Python Scrapy issue

Hey everyone. I have an issue with the Python library Scrapy, to scrape glassdoor.com

I get the users location and job, and that works great. However, the issue I have is scraping the “Job Count” number. As an example: “https://www.glassdoor.com/Job/jobs.htm?sc.keyword=web%20developer&locT=C&locId=1147070&locKeyword=Coachella,%20CA&srs=RECENT_SEARCHES

The job count number here is listed as “10 jobs”, however every time I try and scrap this, it will give me a different number each time. It changes between 6 to 10. I tried adding a delay to the scrap, thinking it might be because the value is generated from a JS script. However the delay did not solve it.

I just get the number from the response.css =

job_count =response.css(“p.jobsCount::text”).extract()
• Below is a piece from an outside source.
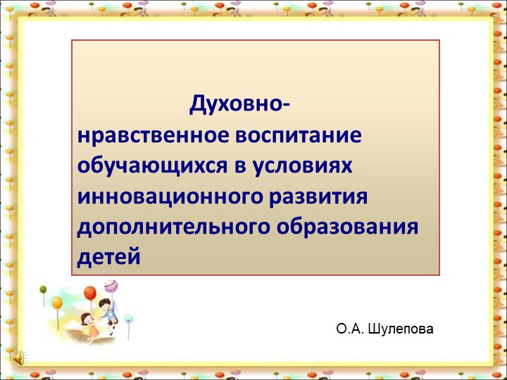 Презентация - "Презентация "Духовно-нравственное воспитание обучающихся в условиях инновационного развития дополнительного образования детей""

Does anyone have any idea, or can point me in the right direction? I’m running out of ideas to try :x

You want to not scrape
https://www.glassdoor.com/about/terms.htm


You agree that you will not:

  • Introduce software or automated agents to Glassdoor, or access Glassdoor so as to produce multiple accounts, generate automated messages, or to scrape, strip or mine data from Glassdoor without our express written permission;

You want to use the API
https://www.glassdoor.com/developer/index.htm

3 Likes

Ahh damn.

The only thing with that API is that they don’t accept any requests to get the API key. So I guess I’m kinda outta luck with glassdoor

This topic was automatically closed 91 days after the last reply. New replies are no longer allowed.